EXERCISE MATERIALS Start Marker

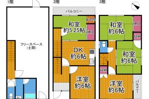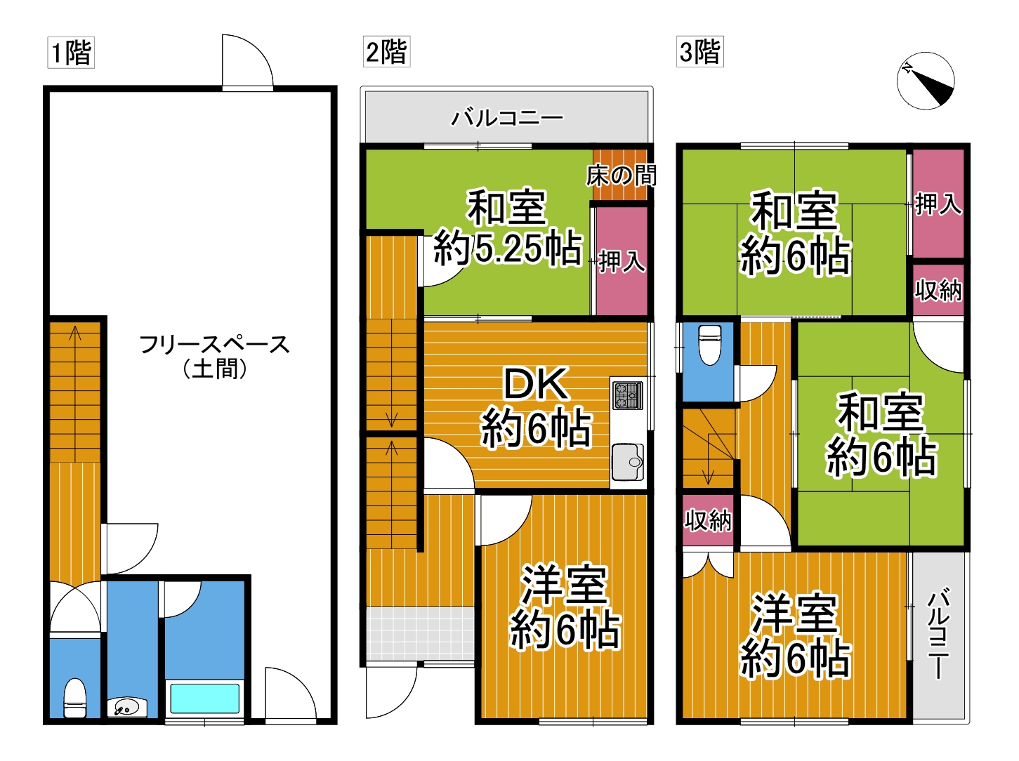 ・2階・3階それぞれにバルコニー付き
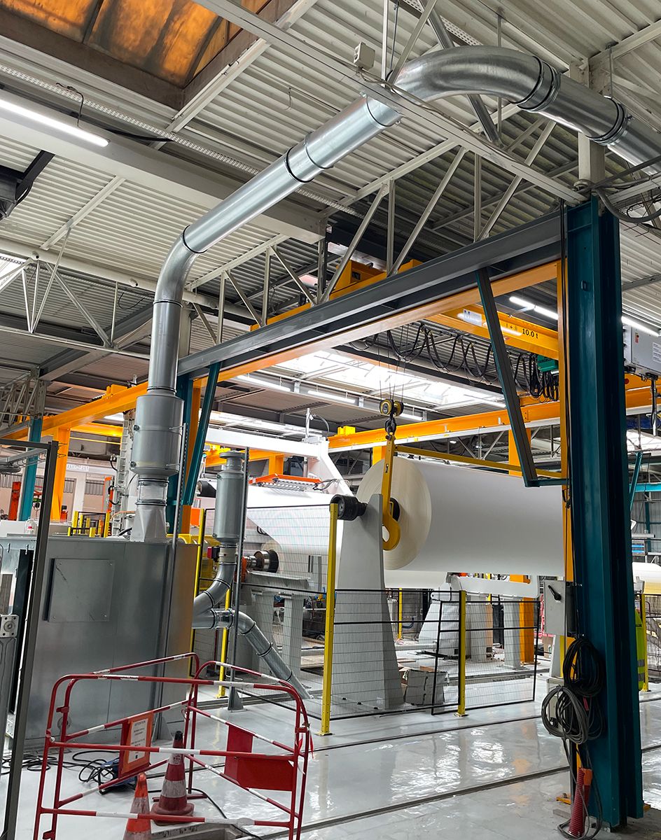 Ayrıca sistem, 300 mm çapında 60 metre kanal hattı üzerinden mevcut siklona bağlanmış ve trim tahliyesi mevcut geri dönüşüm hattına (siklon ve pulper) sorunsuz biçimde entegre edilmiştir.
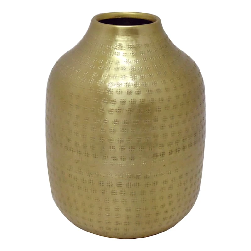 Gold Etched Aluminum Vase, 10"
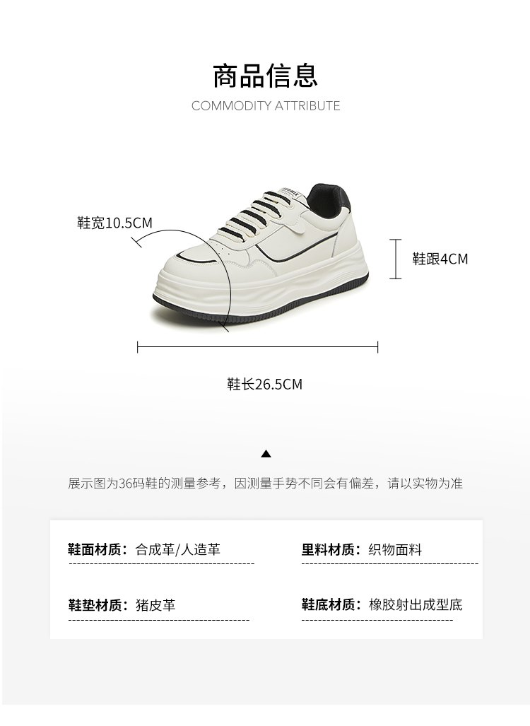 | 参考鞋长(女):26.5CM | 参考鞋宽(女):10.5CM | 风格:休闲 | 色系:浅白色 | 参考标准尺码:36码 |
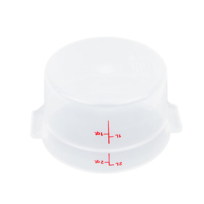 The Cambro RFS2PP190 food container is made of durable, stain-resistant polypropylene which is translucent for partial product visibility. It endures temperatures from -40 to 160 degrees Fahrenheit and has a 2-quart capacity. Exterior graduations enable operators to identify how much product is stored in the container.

EXERCISE MATERIALS End Marker
EXERCISE MATERIALS Start Marker

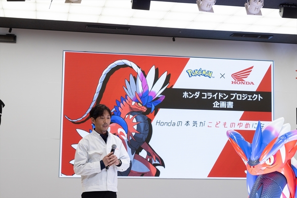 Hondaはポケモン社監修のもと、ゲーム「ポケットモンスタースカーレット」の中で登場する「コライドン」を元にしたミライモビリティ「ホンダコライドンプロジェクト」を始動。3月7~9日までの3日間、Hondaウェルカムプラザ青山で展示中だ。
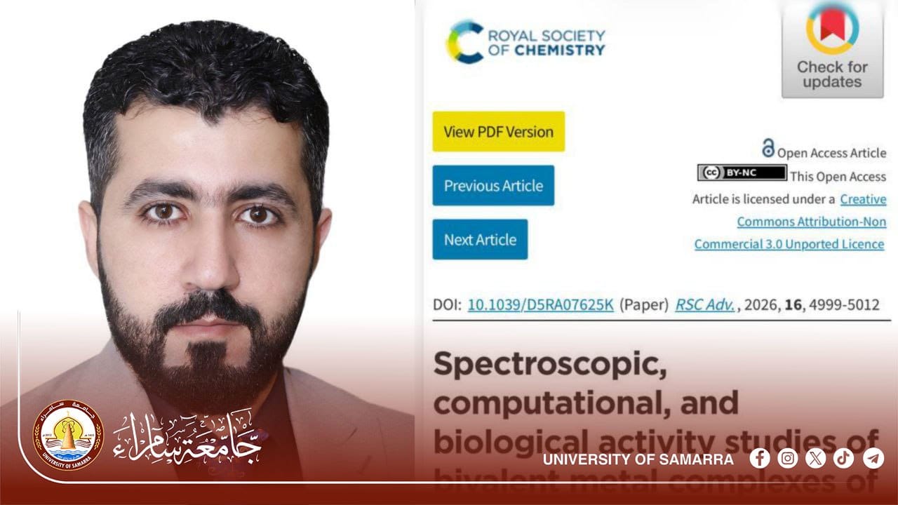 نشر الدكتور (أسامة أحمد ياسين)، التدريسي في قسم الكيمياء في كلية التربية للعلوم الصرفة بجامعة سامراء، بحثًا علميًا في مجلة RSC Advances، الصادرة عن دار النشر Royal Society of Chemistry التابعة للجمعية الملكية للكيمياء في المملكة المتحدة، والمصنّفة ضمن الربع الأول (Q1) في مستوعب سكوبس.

EXERCISE MATERIALS End Marker

- WORK TO COMPLETE -
What you return must match the lines above from the one with "Gold Etched Aluminum" through the one with "The Cambro RFS2PP190" exactly, with both ends included and the pictures excluded.

- WRITTEN REPLY -
 Gold Etched Aluminum Vase, 10"
 | 参考鞋长(女):26.5CM | 参考鞋宽(女):10.5CM | 风格:休闲 | 色系:浅白色 | 参考标准尺码:36码 |
 The Cambro RFS2PP190 food container is made of durable, stain-resistant polypropylene which is translucent for partial product visibility. It endures temperatures from -40 to 160 degrees Fahrenheit and has a 2-quart capacity. Exterior graduations enable operators to identify how much product is stored in the container.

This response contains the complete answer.